Having determined that independent jurisdiction is immaterial to our consideration of DIBCO’s motion to intervene as of right, I turn now to the relevant analysis pursuant to Fed.R.Civ.P. 24(a)(2). In order to intervene as of right pursuant to Rule 24(a)(2), DIBCO had to establish: (1) the timeliness of its application to intervene; (2) a substantial legal interest in the Commodities/Lubienski condemnation cases; (3) impairment of its ability to protect that interest in the absence of intervention; and (4) inadequate representation of that interest by parties already before the court. Michigan State AFL-CIO v. Miller, 103 F.3d 1240, 1245 (6th Cir.1997) (citations omitted). The condemnation actions at issue were filed in 1996; DIBCO did not move to intervene until 2001. The district court found that DIBCO’s motion to intervene was untimely and denied its motion to intervene as of right on that basis. The district court’s timeliness decision is reviewed for an abuse of discretion. Grubbs v. Norris, 870 F.2d 343, 345 (6th Cir.1989).

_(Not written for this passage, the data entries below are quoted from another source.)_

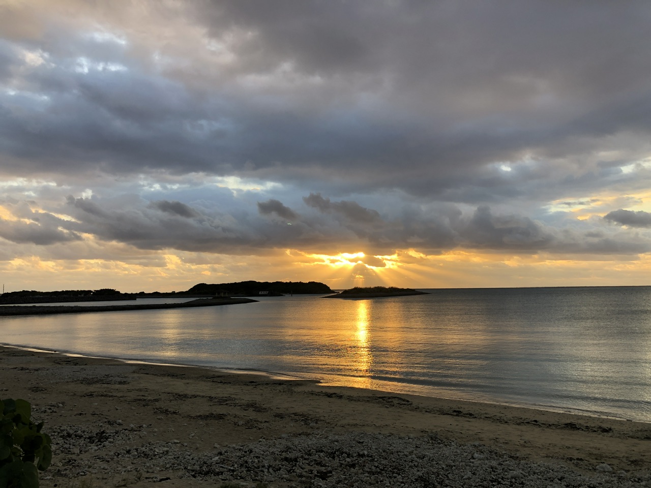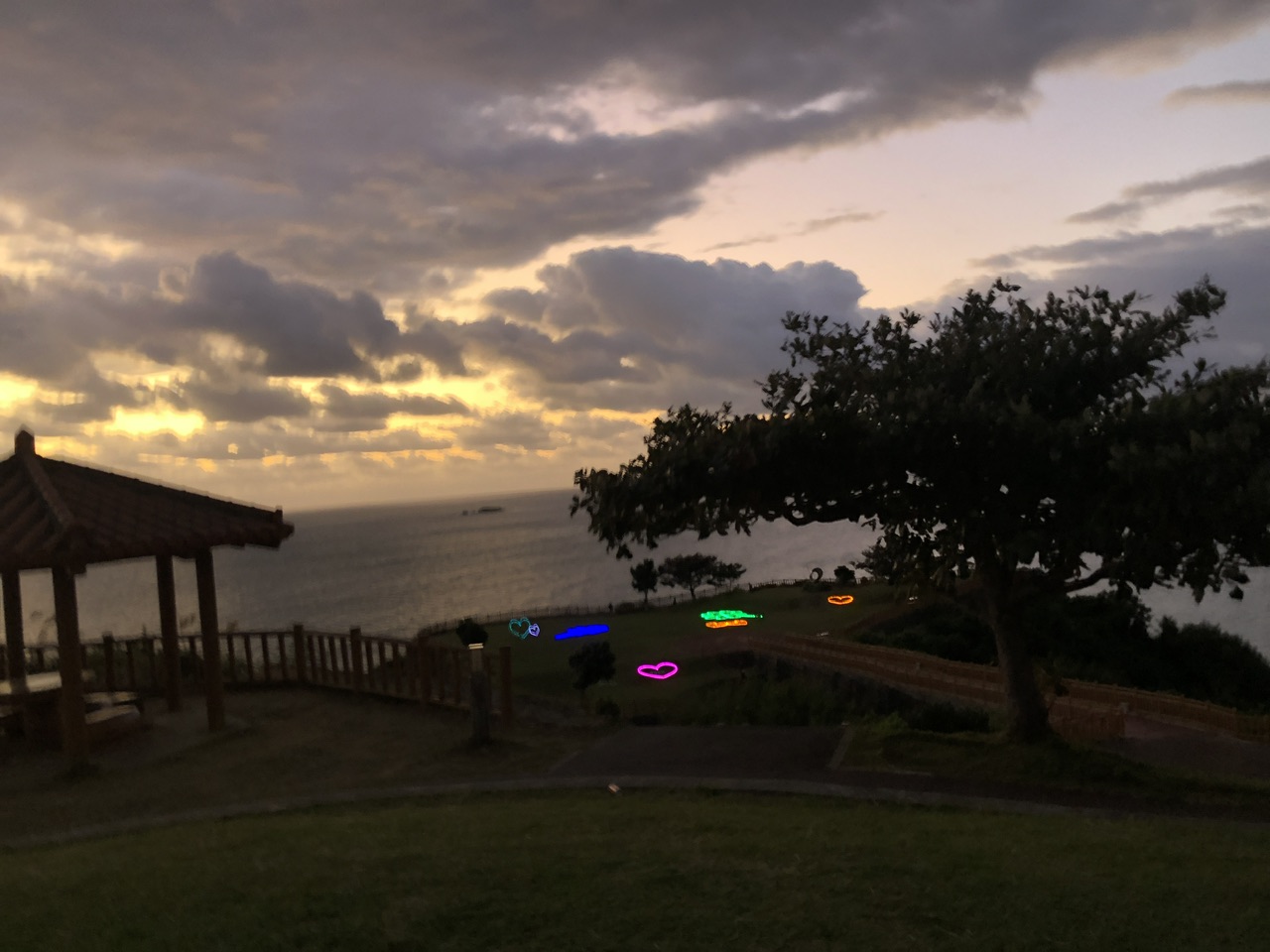 知念岬公園から臨む朝焼けの様子は、とても美しかったです。
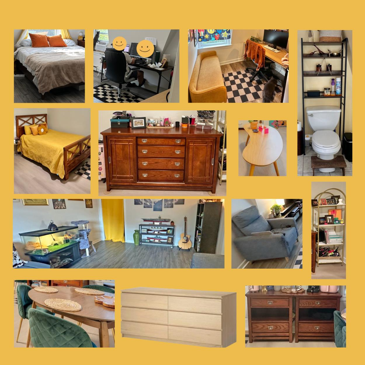 All we have 22 Boxes, 2 Beds with frame and mattresses(1 king and 1 queen), 1 Large Sofa, 1 TV 65", and 4some side tables, 1 dining table with 2 sitting tables and 2 chairs, 2 carpets and some small furniture's.
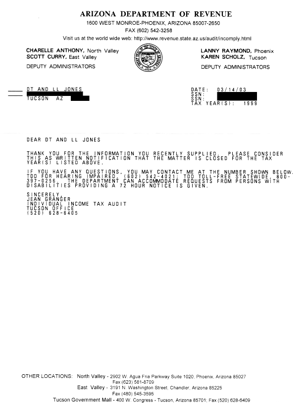 Thank you for the information you recently supplied. Please consider this as written notification that the matter is closed for the tax year(s) listed above [1999].
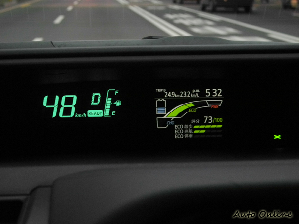 Prius C的Hybrid系統,可做完全電能動力的行駛,雖然隨著駕駛者踩踏油門的開度、控制車行的速度,都會影響到完全電動行駛的距離,但在時速50公里內可行駛將近3分鐘的實測成績,也算相當不容易了。

The timeliness prong of Rule 24(a)(2) requires the movant to file its motion to intervene promptly after discovery of its interest in the litigation. United States v. Tennessee, 260 F.3d 587, 594 (6th Cir.2001). DIBCO contends that its responsibility to timely intervene arose on November 15, 2001, when it learned the amount of the Commodities defendants’ recent settlement with the Government — that is, when DIBCO learned the amount of its potential liability pursuant to the MOA. The district court, however, properly concluded that DIBCO should have moved to intervene within a reasonable period after December 12, 1996, which is when DIBCO received notice that the first two condemnation suits had been filed. In short, 1996 was when DIBCO learned of the fact of its potential liability under the MOA. It should have intervened then, and not waited until it learned the amoimt of that potential liability in 2001. See Stotts v. Memphis Fire Dep’t, 679 F.2d 579, 584 & n. 3 (6th Cir.1982) (applicants for intervention “should have attempted to intervene when they first became aware of the action, rather than adopting a ‘wait-and-see’ approach.”).
Accordingly, the district court did not abuse its discretion in finding DIBCO’s motion to intervene untimely. Although I would find that DIBCO — as the potential remunerator for the hefty $14.9 settlement reached between the Government and the Commodities defendants — easily satisfies the remaining requirements for intervention, the untimeliness of its motion is fatal. I would therefore affirm the district court’s denial of DIBCO’s motion to intervene on that basis alone.